**** Provided records

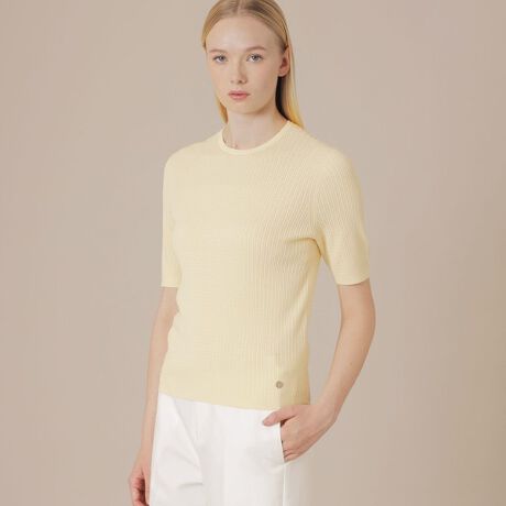 紡績した極細の強撚糸を更に追撚した糸を使用し、シャリ感が出しながら綺麗な編み目に仕上げた素材です。
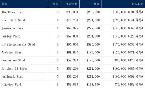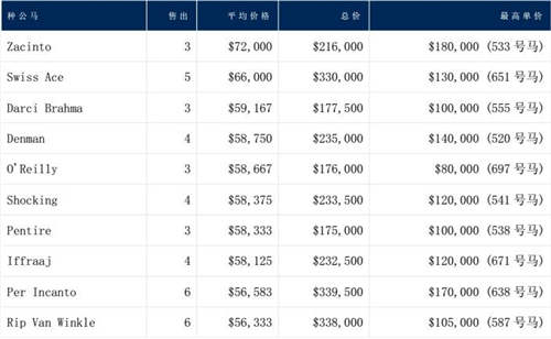 种公马排名(按平均价格,售出3匹及以上)
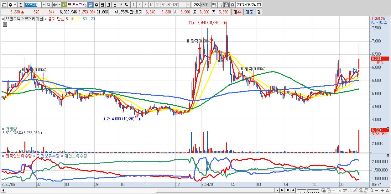 - 브랜드엑스코퍼레이션 (6,330원 ▲ 11.84% , 시총: 1,853억, 거래량: 6,322,946, 거래대금:414억)
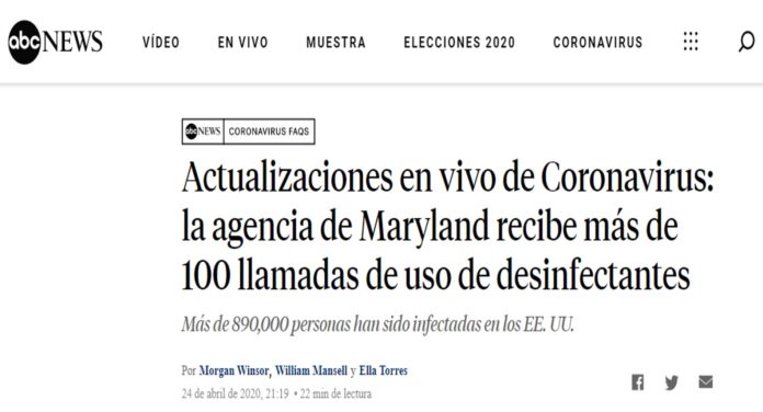 Más de 100 personas llamaron a los números de emergencia en el estado de Maryland para consultar si podían beber desinfectante tras el anuncio de Trump donde afirmaba que eso eliminaría de inmediato el coronavius.
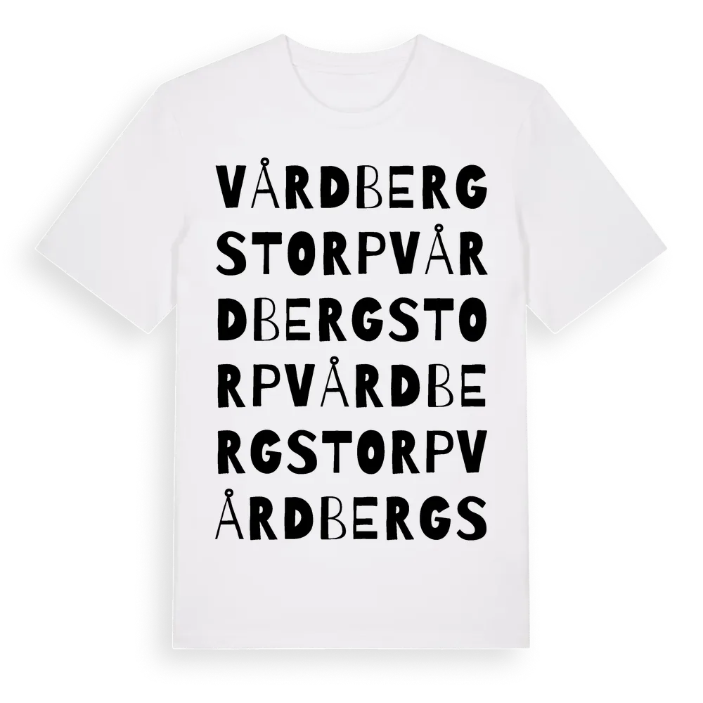 Vårdbergstorp ordlek t-shirt är inspirerad av Vårdbergstorp i Stockholms län, Sverige. Tröjan är designad för dig som har en speciell koppling till platsen – oavsett om du bor här, har rötterna här eller bara älskar Vårdbergstorp.
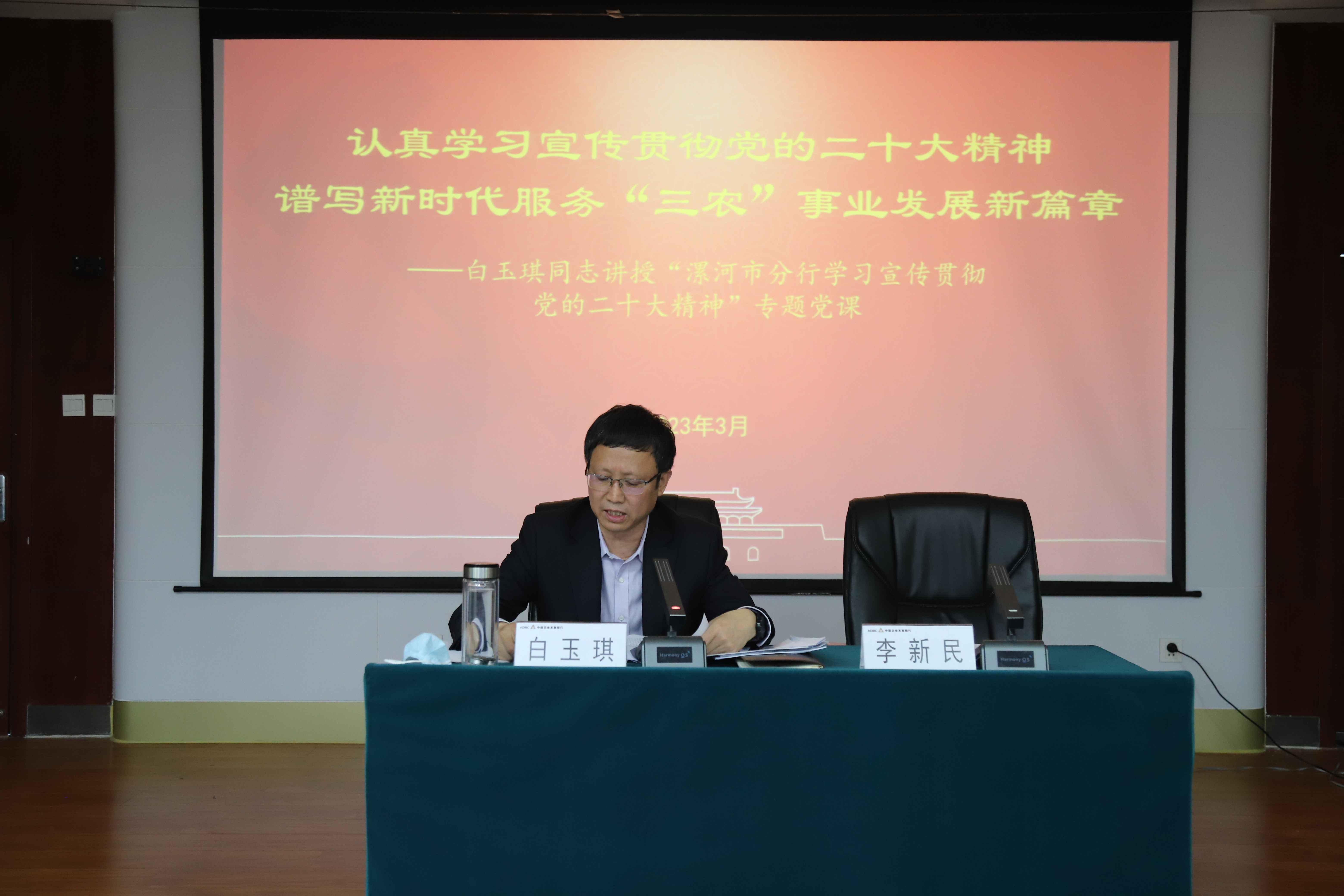 金融文化参讯-河南(曹鹏飞)为持续深入学习宣传贯彻党的二十大精神,教育引导全行党员干部“学思践悟”精神内涵要义。3月30日,农发行漯河市分行党委书记、行长白玉琪以“认真学习宣传贯彻党的二十大精神,谱写新时代服务“三农”事业发展新篇章”为题,为全行党员干部讲授专题党课。
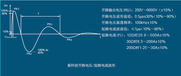 開路電壓波形前沿(T1)(10%~90%) | PK1處0.5μs±30% | ||
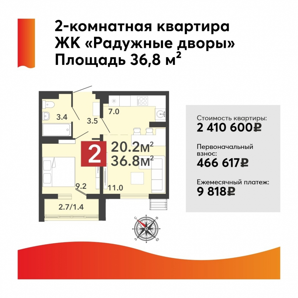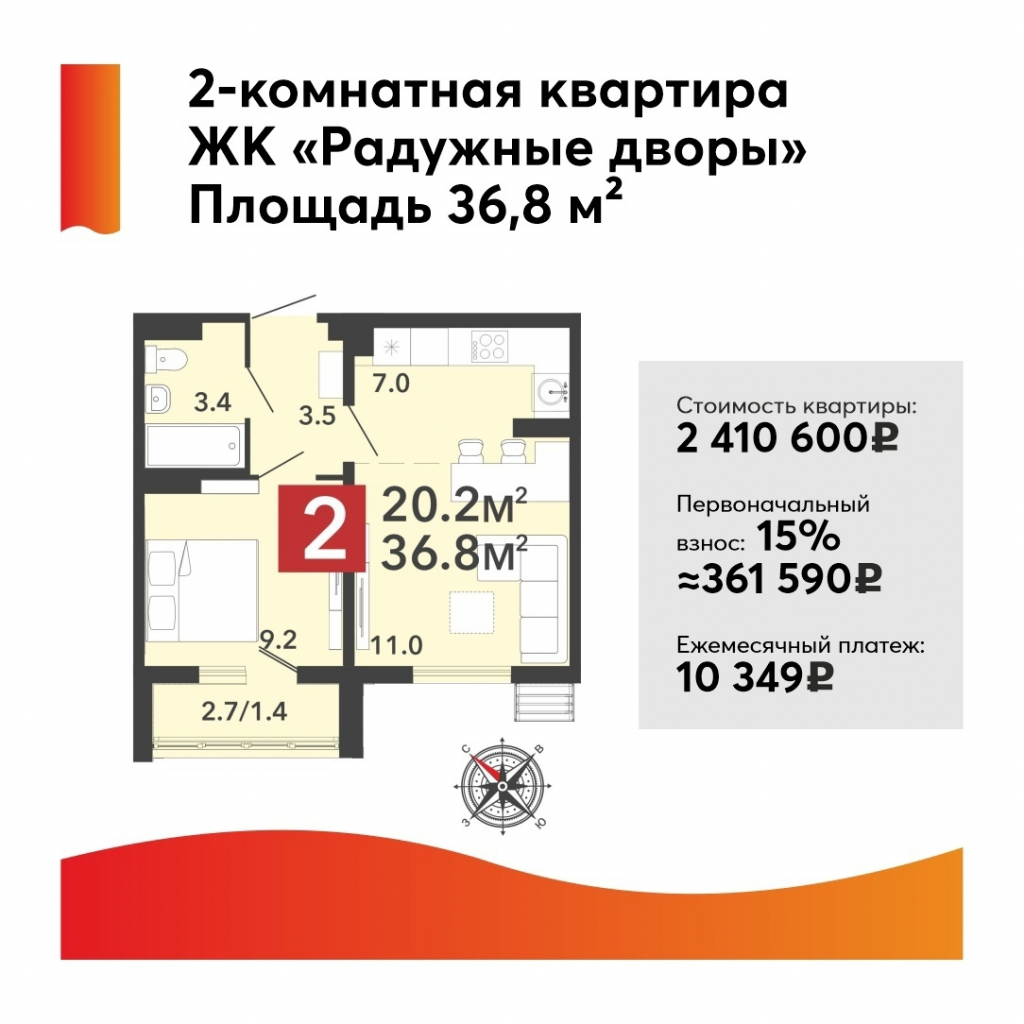 Площадь – 36,8 кв. м
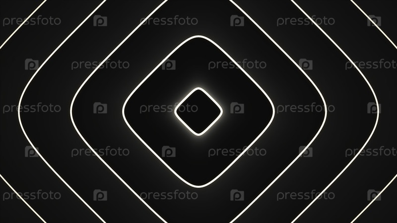 Абстрактный монохромный неоновый ромб фон туннеля.Движение.Белые неонные квадратные силуэты на черном фоне
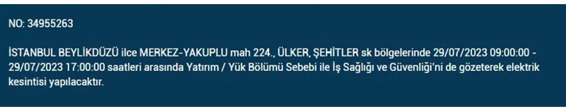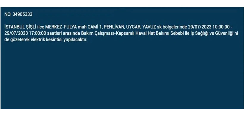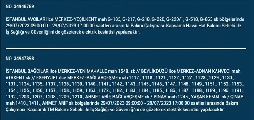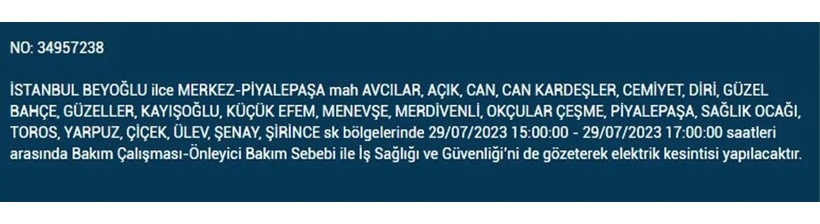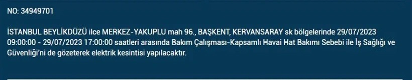 İstanbul'da 29 Temmuz 2023 Cumartesi günü planlı ve bakım çalışması amaçlı elektrik kesintilerinin olacak. BEDAŞ elektrik kesintilerinden etkilenecek ilçe ve mahalleleri açıkladı. İşte o mahalle ve ilçeler...
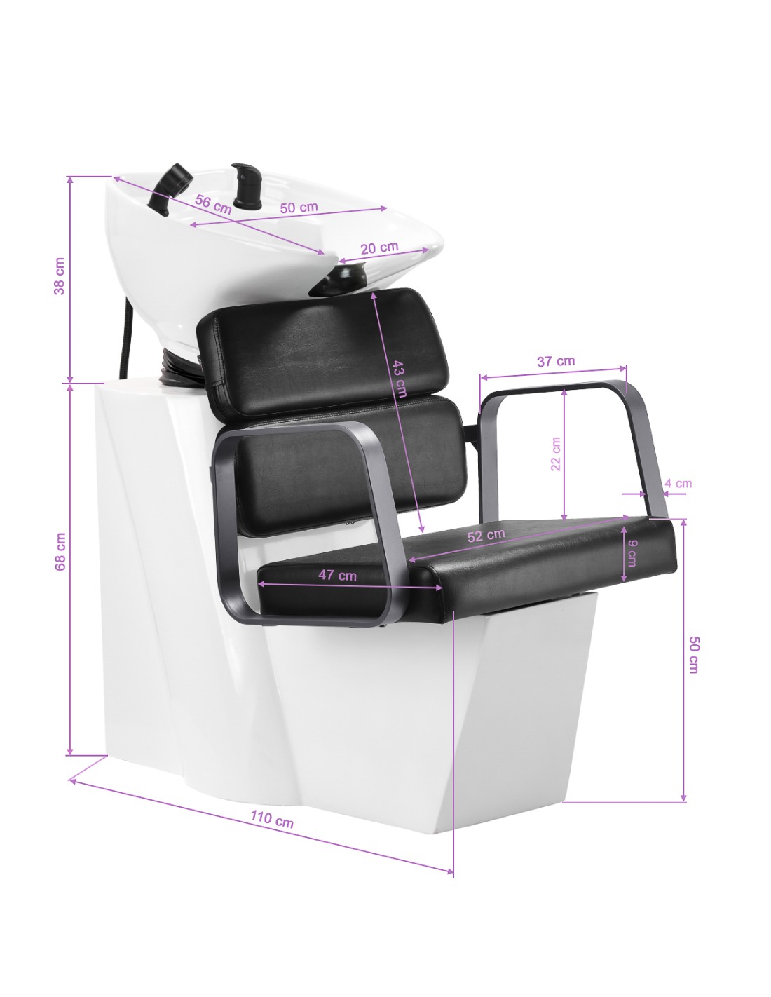 La poltrona profilata offre un adeguato supporto lombare e, di conseguenza, un elevato comfort di utilizzo. I braccioli in metallo nei toni dell'grigio e dalla forma geometrica consentono un corretto posizionamento delle spalle del cliente. L'imbottitura in schiuma durevole e resistente alla deformazione e il rivestimento in pelle sintetica piacevole al tatto nei toni del nero garantiscono la durata del mobile, la facilità di pulizia e l'uso confortevole per lungo tempo. Il design originale ed elegante dell'autolavaggio conferisce agli interni un'espressione unica. La dotazione completa di accessori nei toni del nero, tra cui rubinetto, doccetta e tubi flessibili dedicati, fornisce un set completo di strumenti per il lavoro.
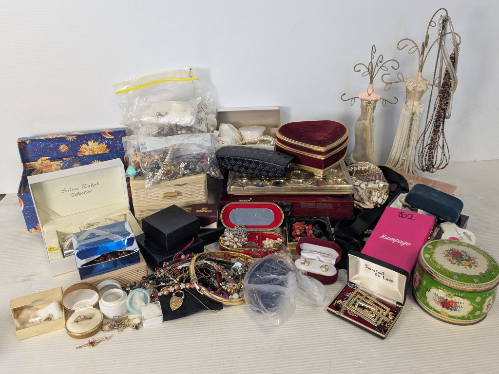 Jewellery includes 8CT stamped ring with gems, 9CT stamped brooch, necklaces, clip-on earrings, jewellery boxes and more Sold as lot
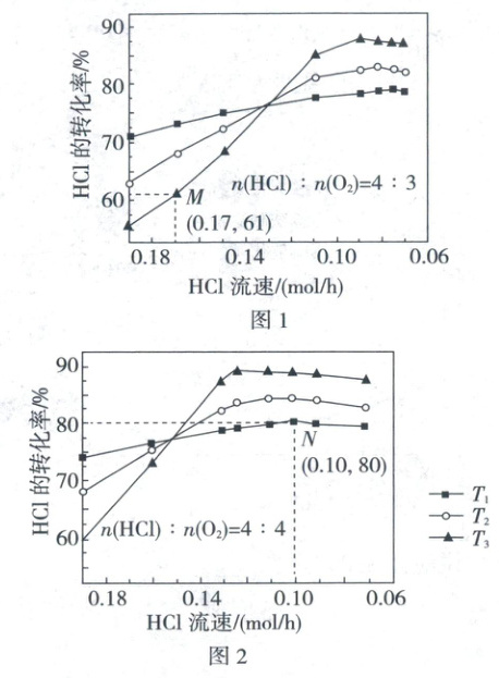 (1)根据题干中方程式,反应前气体系数大于反应后气体系数,属于熵减反应,即$\Delta S<0$;根据题意较低流速下的转化率可近似为平衡转化率,因此从图1可以看出,较低流速下,HCl转化率大小为$\alpha(T_{1})<\alpha(T_{2})<\alpha(T_{3})$,由于反应放热,因此升温HCl平衡转化率下降,所以$T_{3}$为低温,$T_{3}=360^{\circ}C$。
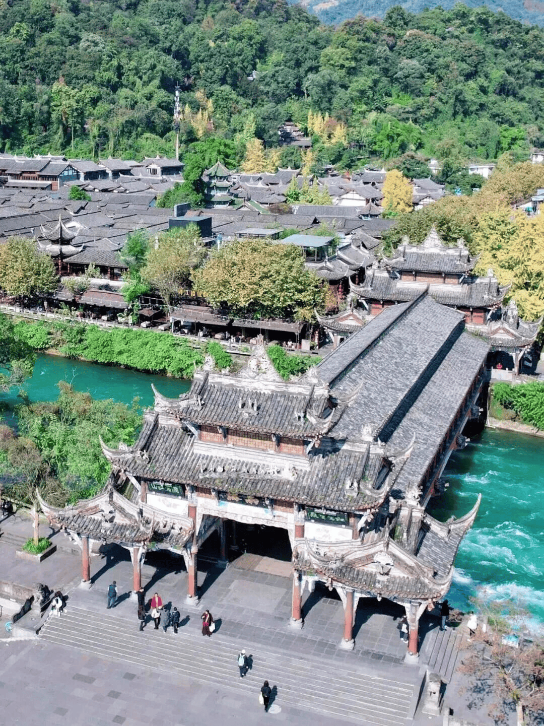 ▲都江堰天府源廊桥。(图片来源:青城山都江堰)
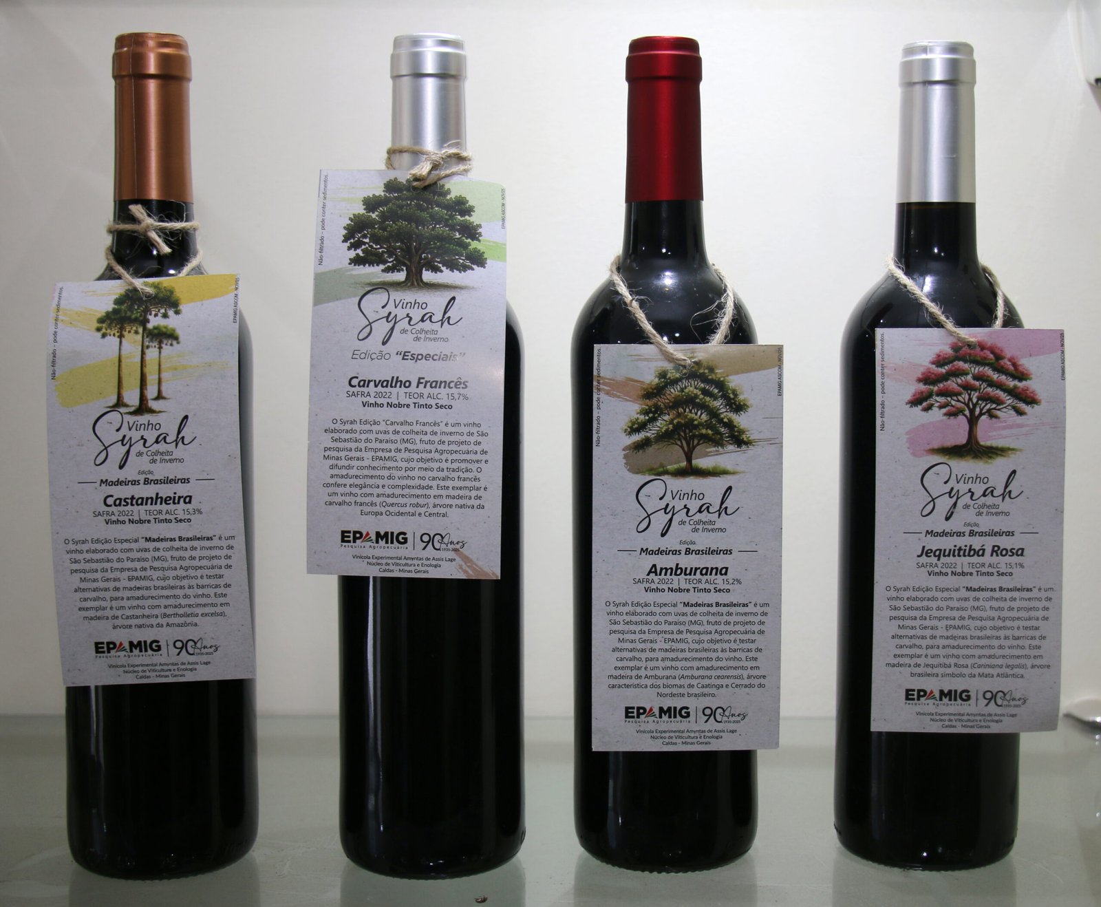O vinho Syrah edição “Madeiras Brasileiras” é elaborado a partir de uvas de colheita de inverno de São Sebastião do Paraíso (MG). Apesar de a variedade ser a mesma, as características da bebida se diferem de acordo com o potencial de cada madeira.

********

◆ How to complete this task
Exact copy, pictures excluded: restate every record above word for word.

◆ Solution
 紡績した極細の強撚糸を更に追撚した糸を使用し、シャリ感が出しながら綺麗な編み目に仕上げた素材です。
 种公马排名(按平均价格,售出3匹及以上)
 - 브랜드엑스코퍼레이션 (6,330원 ▲ 11.84% , 시총: 1,853억, 거래량: 6,322,946, 거래대금:414억)
 Más de 100 personas llamaron a los números de emergencia en el estado de Maryland para consultar si podían beber desinfectante tras el anuncio de Trump donde afirmaba que eso eliminaría de inmediato el coronavius.
 Vårdbergstorp ordlek t-shirt är inspirerad av Vårdbergstorp i Stockholms län, Sverige. Tröjan är designad för dig som har en speciell koppling till platsen – oavsett om du bor här, har rötterna här eller bara älskar Vårdbergstorp.
 金融文化参讯-河南(曹鹏飞)为持续深入学习宣传贯彻党的二十大精神,教育引导全行党员干部“学思践悟”精神内涵要义。3月30日,农发行漯河市分行党委书记、行长白玉琪以“认真学习宣传贯彻党的二十大精神,谱写新时代服务“三农”事业发展新篇章”为题,为全行党员干部讲授专题党课。
 開路電壓波形前沿(T1)(10%~90%) | PK1處0.5μs±30% | ||
 Площадь – 36,8 кв. м
 Абстрактный монохромный неоновый ромб фон туннеля.Движение.Белые неонные квадратные силуэты на черном фоне
 İstanbul'da 29 Temmuz 2023 Cumartesi günü planlı ve bakım çalışması amaçlı elektrik kesintilerinin olacak. BEDAŞ elektrik kesintilerinden etkilenecek ilçe ve mahalleleri açıkladı. İşte o mahalle ve ilçeler...
 La poltrona profilata offre un adeguato supporto lombare e, di conseguenza, un elevato comfort di utilizzo. I braccioli in metallo nei toni dell'grigio e dalla forma geometrica consentono un corretto posizionamento delle spalle del cliente. L'imbottitura in schiuma durevole e resistente alla deformazione e il rivestimento in pelle sintetica piacevole al tatto nei toni del nero garantiscono la durata del mobile, la facilità di pulizia e l'uso confortevole per lungo tempo. Il design originale ed elegante dell'autolavaggio conferisce agli interni un'espressione unica. La dotazione completa di accessori nei toni del nero, tra cui rubinetto, doccetta e tubi flessibili dedicati, fornisce un set completo di strumenti per il lavoro.
 Jewellery includes 8CT stamped ring with gems, 9CT stamped brooch, necklaces, clip-on earrings, jewellery boxes and more Sold as lot
 (1)根据题干中方程式,反应前气体系数大于反应后气体系数,属于熵减反应,即$\Delta S<0$;根据题意较低流速下的转化率可近似为平衡转化率,因此从图1可以看出,较低流速下,HCl转化率大小为$\alpha(T_{1})<\alpha(T_{2})<\alpha(T_{3})$,由于反应放热,因此升温HCl平衡转化率下降,所以$T_{3}$为低温,$T_{3}=360^{\circ}C$。
 ▲都江堰天府源廊桥。(图片来源:青城山都江堰)
O vinho Syrah edição “Madeiras Brasileiras” é elaborado a partir de uvas de colheita de inverno de São Sebastião do Paraíso (MG). Apesar de a variedade ser a mesma, as características da bebida se diferem de acordo com o potencial de cada madeira.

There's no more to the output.